P.E. and recess are being eliminated because they aren’t perceived as important, says Drain, a pity because children need at least 60 minutes of vigorous physical activity every day and they aren’t getting it.

Moving more, especially outside, positively influences your health and well-being, says Nancy Kaiser, interpretive services manager for the East Bay Regional Park District. “Getting outside provides more intricate layers of sensory involvement than screen time does,” says Kaiser.

To enrich your kids’ outdoor experience, teach your children to walk in and really observe their outside world. Help them look at the surrounding plants and animals; have them listen to the sounds of nature; encourage them to inhale the scents and touch the textures. Studying plants, critters and birds in kids’ own backyard or neighborhood, Kaiser says, improves kids’ cognitive abilities, and even better, it’s free. Sound a little too boring for your technology-savvy kids? Let them use apps on a smart phone to identify the plants, insects and birds, which, in the East Bay, can be done anytime.

“Winter is a magical time to go outdoors,” says Kaiser. “Just dress appropriately for the weather.”

EBRP (www.ebparks.org) offers varied venues and activities year round to help East Bay families get outside. Check out

  • Wednesday Walks — Any age can participate in these hikes that explore different unique habitats of the East Bay.
  • Ardenwood Historic Farm — Every weekend is filled with activities for the entire family at this working farm.
  • Biking — With 1,100 miles of park land for bikers, there’s everything from paved flat paths to remote back country trails.
  • Black Diamond Mines Regional Preserve — This is an ideal location for hiking, picnicking and nature study.
  • Drain suggests doing what you did when you were a kid: Play in a creek, climb trees, build forts or play hide and seek, street hockey, tag or kick the can.

“Children have amazing imaginations and the capacity to entertain themselves,” says Drain. “All they need is someone to play with and a safe place to play.”

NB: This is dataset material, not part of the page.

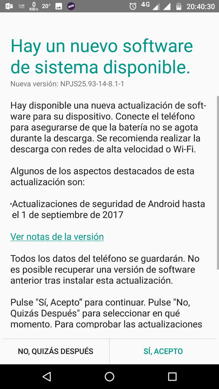 La actualización identificada como NPJS25.93-14-8.1-1 no viene con grandes novedades como probablemente estabas esperando, ya que según lo informado por el aviso de actualización, solo viene a actualizar el parche de seguridad Android al mes de septiembre.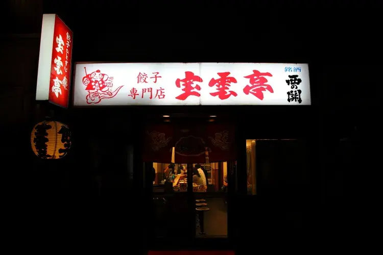 후쿠오카의 최대 환락가인 나카스에 있는 호운테이는 후쿠오카의 명물 음식인 '히토쿠치 교자(ひとくち餃子)'의 원조집으로 불립니다.

Because today’s youth don’t explore outdoor activities, lack physical exercise and have increased health risks, the California Roundtable on Recreation, Parks and Tourism was prompted to adopt the California Children’s Outdoor Bill of Rights. This initiative recommends a list of experiences every child living in California would benefit from experiencing before entering high school, and they range from swimming and fishing to camping and exploring.

Kaiser says her organization has adopted this philosophy and partnered with the California Roundtable to provide these experiences. The California Roundtable is an independent nonprofit organization that promotes public and private outdoor recreational efforts in California.

“Children should have the right to ride a bike and swim,” says Kaiser. “And parents should spend outdoor time with their children because it’s a wonderful commitment and it means so much to kids.”

Above all, Drain says, remember to be a good role model, because children are more likely to be active if their parents are active. Keep it fun, too, so kids will want to repeat the activity, and try to weave in some movement outside into every day.

Kaiser says you don’t have to travel or pay money to do most of the activities mentioned. You can find them in your backyard or local park, and they will serve as gateways to new adventures down the road. Maybe you’ll go camping or picnicking and in the process feed your family’s sense of exploration and wonder.